#### [Your assignment]
Leaving out pictures, output exactly the lines below from the one that has "Este apartamento tiene" through the one that has "During the research", and nothing else.
══ Dataset content
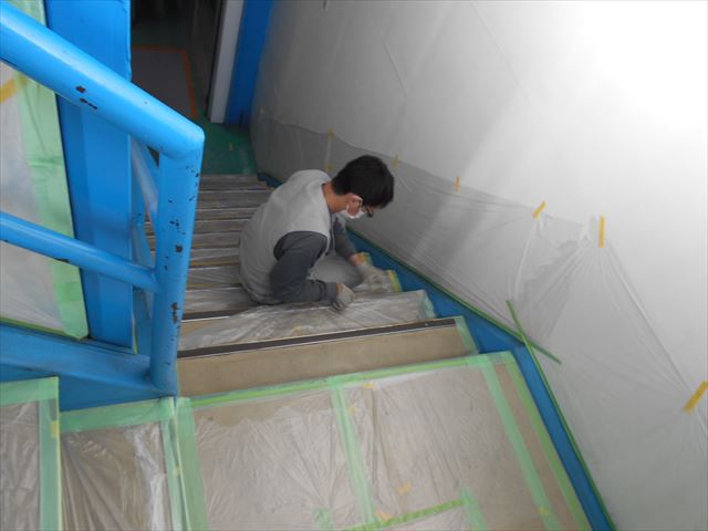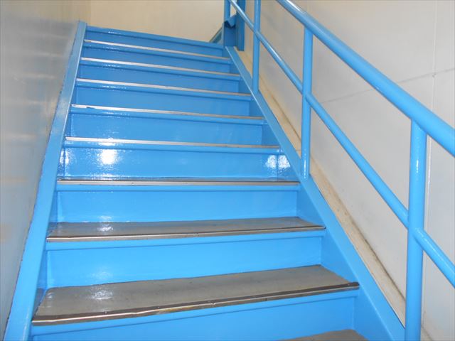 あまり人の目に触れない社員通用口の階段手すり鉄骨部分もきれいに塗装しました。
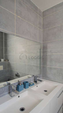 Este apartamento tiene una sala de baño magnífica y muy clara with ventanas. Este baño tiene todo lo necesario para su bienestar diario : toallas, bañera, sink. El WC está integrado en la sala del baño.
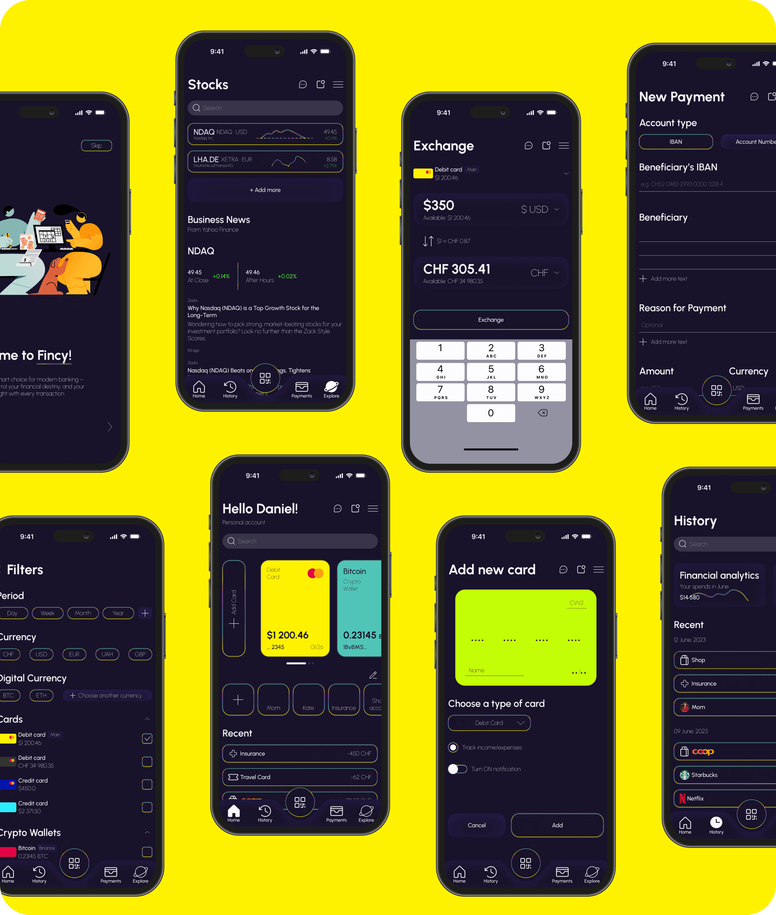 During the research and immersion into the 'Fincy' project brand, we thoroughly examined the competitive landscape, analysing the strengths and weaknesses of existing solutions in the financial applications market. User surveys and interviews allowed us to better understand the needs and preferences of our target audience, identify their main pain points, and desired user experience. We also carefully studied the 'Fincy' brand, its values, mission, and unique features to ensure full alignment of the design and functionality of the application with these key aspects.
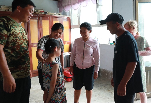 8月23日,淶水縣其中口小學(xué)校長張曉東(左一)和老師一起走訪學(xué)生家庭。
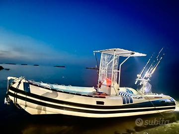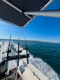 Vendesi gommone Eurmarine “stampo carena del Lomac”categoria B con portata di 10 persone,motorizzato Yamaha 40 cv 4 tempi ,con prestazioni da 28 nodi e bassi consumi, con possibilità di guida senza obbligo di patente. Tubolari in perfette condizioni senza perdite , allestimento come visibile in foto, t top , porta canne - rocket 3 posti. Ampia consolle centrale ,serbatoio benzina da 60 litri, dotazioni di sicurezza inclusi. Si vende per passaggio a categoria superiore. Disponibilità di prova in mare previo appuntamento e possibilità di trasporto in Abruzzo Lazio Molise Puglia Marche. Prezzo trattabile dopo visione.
════
#### [Answer to the problem]
 Este apartamento tiene una sala de baño magnífica y muy clara with ventanas. Este baño tiene todo lo necesario para su bienestar diario : toallas, bañera, sink. El WC está integrado en la sala del baño.
 During the research and immersion into the 'Fincy' project brand, we thoroughly examined the competitive landscape, analysing the strengths and weaknesses of existing solutions in the financial applications market. User surveys and interviews allowed us to better understand the needs and preferences of our target audience, identify their main pain points, and desired user experience. We also carefully studied the 'Fincy' brand, its values, mission, and unique features to ensure full alignment of the design and functionality of the application with these key aspects.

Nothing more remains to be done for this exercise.